ENTRIES SHOWN:

[Start of Attachment]

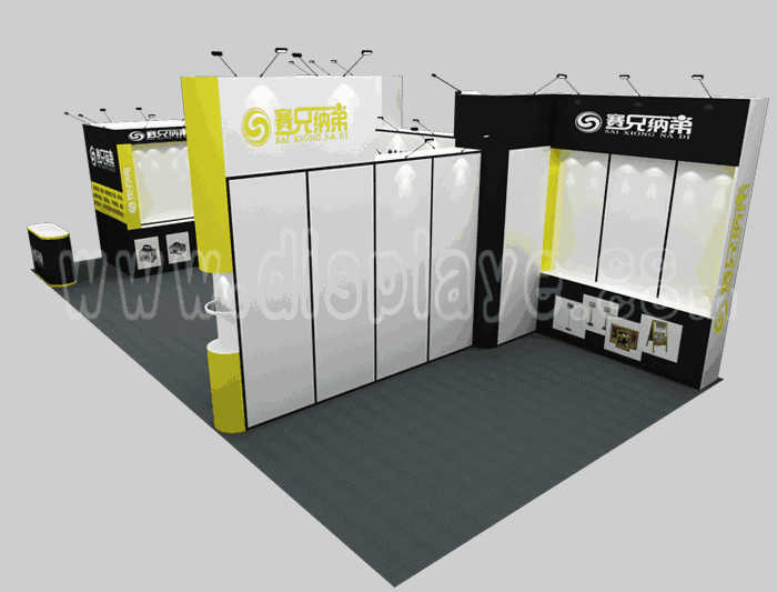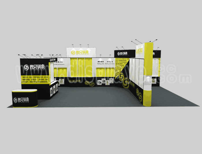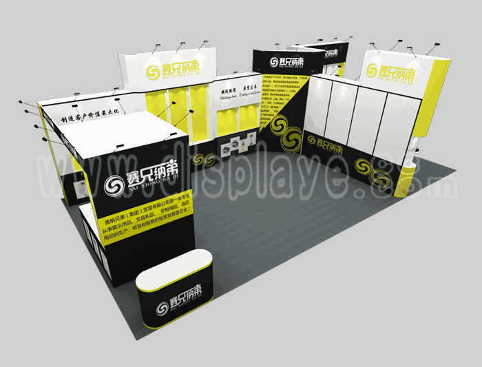 如你想?yún)⒄者@設(shè)計(jì)圖DIY設(shè)計(jì)構(gòu)思你想要的展臺(tái),此造型結(jié)構(gòu)適用 6x12m以下方形展位,你可增加你想要的展示功能或更多的引人注目特裝造型。
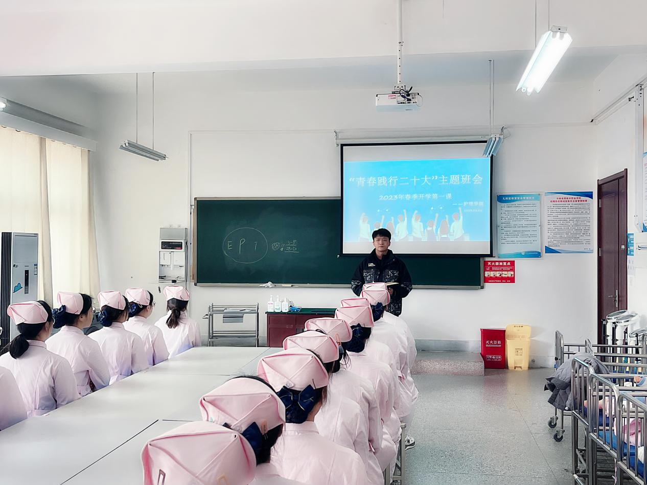为深入贯彻习近平新时代中国特色社会主义思想和党的二十大精神,进一步加强大学生思想政治教育,引导大学生启航新学期,奋进新征程。根据学校宣传部、学生工作部等相关部门通知要求,切实做好milan米兰体育官网春季开学工作,护理学院以“青春践行二十大”为主题开展“2023年春季开学第一课”主题班会,不断推动党的二十大精神进课堂、进头脑。
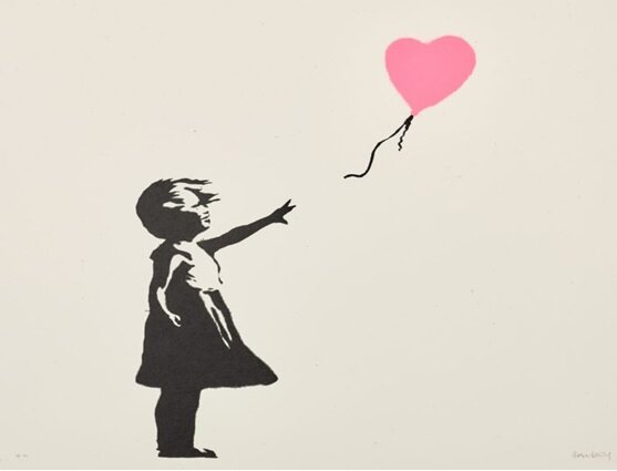 از مهمترین آثار حاضر در این حراجی آنلاین میتوان به دو نسخه از نقاشی «دختر و بادکنک» این هنرمند اشاره کرد. نسخهای از این نقاشی که بادکنک آن صورتی رنگ است به قیمت ۳۷۵,۰۰۰ پوند فروخته شد و نسخهی دیگر این نقاشی که بادکنک آن قرمز رنگ است نیز به قیمت ۱۰۶,۲۵۰ پوند فروخته شد.
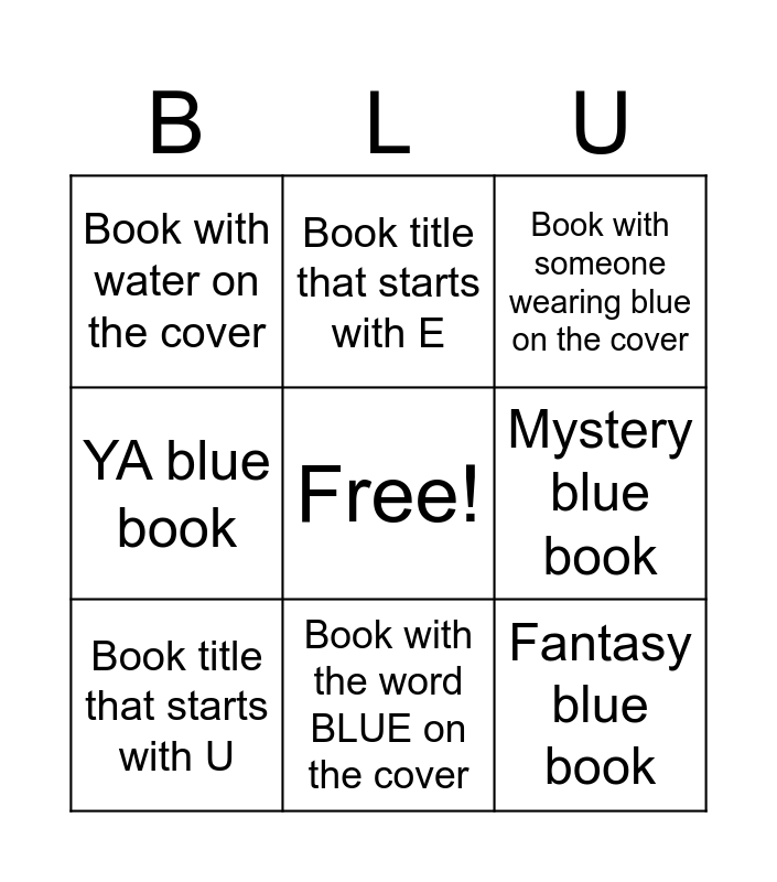 This bingo card has a free space and 14 words: Book title that starts with B, Book title that starts with L, Book title that starts with U, Book title that starts with E, YA blue book, Fantasy blue book, Blue book with a person on the cover, Blue book with a tree on the cover, Book with the word BLUE on the cover, Book with water on the cover, Thriller blue book, Mystery blue book, Book with someone wearing blue on the cover and A blue book published before 2020.
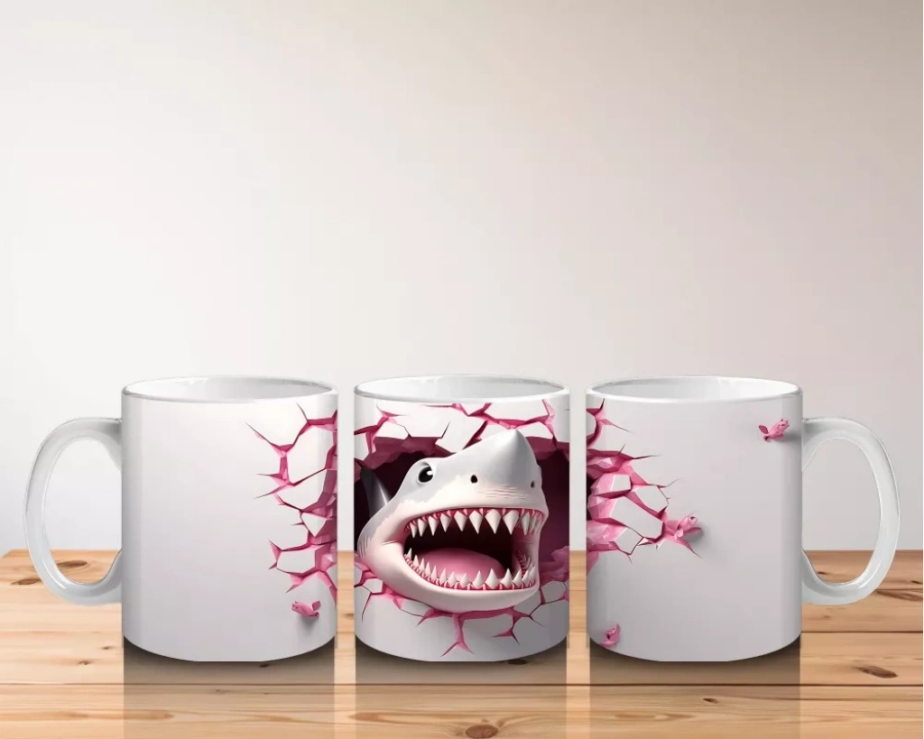 Tatlı bir gülümsemeyle kalp çatlağından bakan bu köpek balığı, hem eğlenceli hem de sıra dışı bir tasarım sunuyor. Mizahi kupalar sevenlere harika bir hediye!
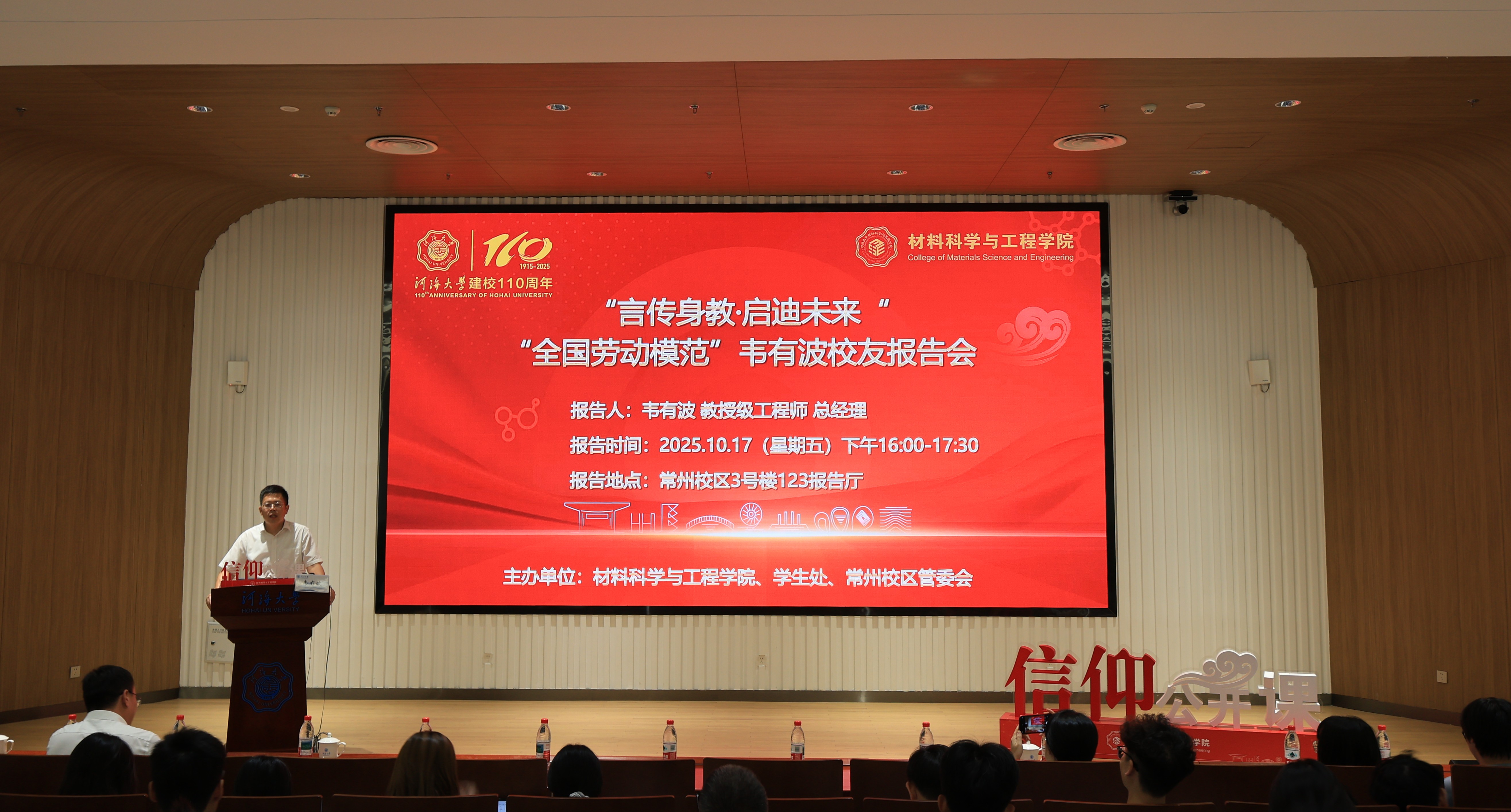 为使青年学子坚定将青春华章写在祖国大地上的选择,汲取校友榜样的奋斗力量,10月17日下午,91直播 与常州校区管委会联合举办“言传身教·启迪未来”——“全国劳动模范”韦有波校友报告会暨信仰公开课,2025年“全国劳动模范”称号获得者、我校2005届无机非金属材料工程专业校友韦有波应邀作题为《生成未来,做最好的自己》的分享报告。
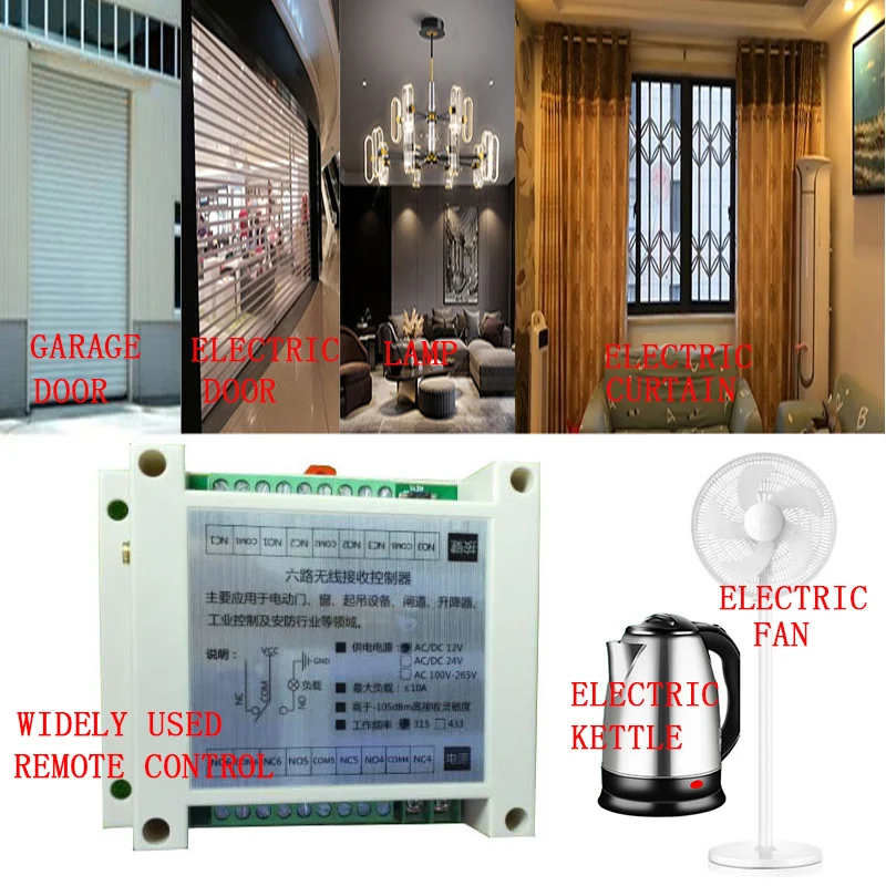 В основном используется в управлении гаражными дверями, управлении освещением, электрических дверях, занавесках с дистанционным управлением, подъемном оборудовании, управлении двигателем, водяном насосе, управлении проекционным экраном, охранной промышленности и других областях, легко устанавливается, используйте преимущества простой и безопасной и надежной.

[End of Attachment]

WHAT IS BEING ASKED: Every line above has to be output exactly; the pictures must be dropped.

SOLUTION TO THIS PROBLEM:
 如你想?yún)⒄者@設(shè)計(jì)圖DIY設(shè)計(jì)構(gòu)思你想要的展臺(tái),此造型結(jié)構(gòu)適用 6x12m以下方形展位,你可增加你想要的展示功能或更多的引人注目特裝造型。
为深入贯彻习近平新时代中国特色社会主义思想和党的二十大精神,进一步加强大学生思想政治教育,引导大学生启航新学期,奋进新征程。根据学校宣传部、学生工作部等相关部门通知要求,切实做好milan米兰体育官网春季开学工作,护理学院以“青春践行二十大”为主题开展“2023年春季开学第一课”主题班会,不断推动党的二十大精神进课堂、进头脑。
 از مهمترین آثار حاضر در این حراجی آنلاین میتوان به دو نسخه از نقاشی «دختر و بادکنک» این هنرمند اشاره کرد. نسخهای از این نقاشی که بادکنک آن صورتی رنگ است به قیمت ۳۷۵,۰۰۰ پوند فروخته شد و نسخهی دیگر این نقاشی که بادکنک آن قرمز رنگ است نیز به قیمت ۱۰۶,۲۵۰ پوند فروخته شد.
 This bingo card has a free space and 14 words: Book title that starts with B, Book title that starts with L, Book title that starts with U, Book title that starts with E, YA blue book, Fantasy blue book, Blue book with a person on the cover, Blue book with a tree on the cover, Book with the word BLUE on the cover, Book with water on the cover, Thriller blue book, Mystery blue book, Book with someone wearing blue on the cover and A blue book published before 2020.
 Tatlı bir gülümsemeyle kalp çatlağından bakan bu köpek balığı, hem eğlenceli hem de sıra dışı bir tasarım sunuyor. Mizahi kupalar sevenlere harika bir hediye!
 为使青年学子坚定将青春华章写在祖国大地上的选择,汲取校友榜样的奋斗力量,10月17日下午,91直播 与常州校区管委会联合举办“言传身教·启迪未来”——“全国劳动模范”韦有波校友报告会暨信仰公开课,2025年“全国劳动模范”称号获得者、我校2005届无机非金属材料工程专业校友韦有波应邀作题为《生成未来,做最好的自己》的分享报告。
 В основном используется в управлении гаражными дверями, управлении освещением, электрических дверях, занавесках с дистанционным управлением, подъемном оборудовании, управлении двигателем, водяном насосе, управлении проекционным экраном, охранной промышленности и других областях, легко устанавливается, используйте преимущества простой и безопасной и надежной.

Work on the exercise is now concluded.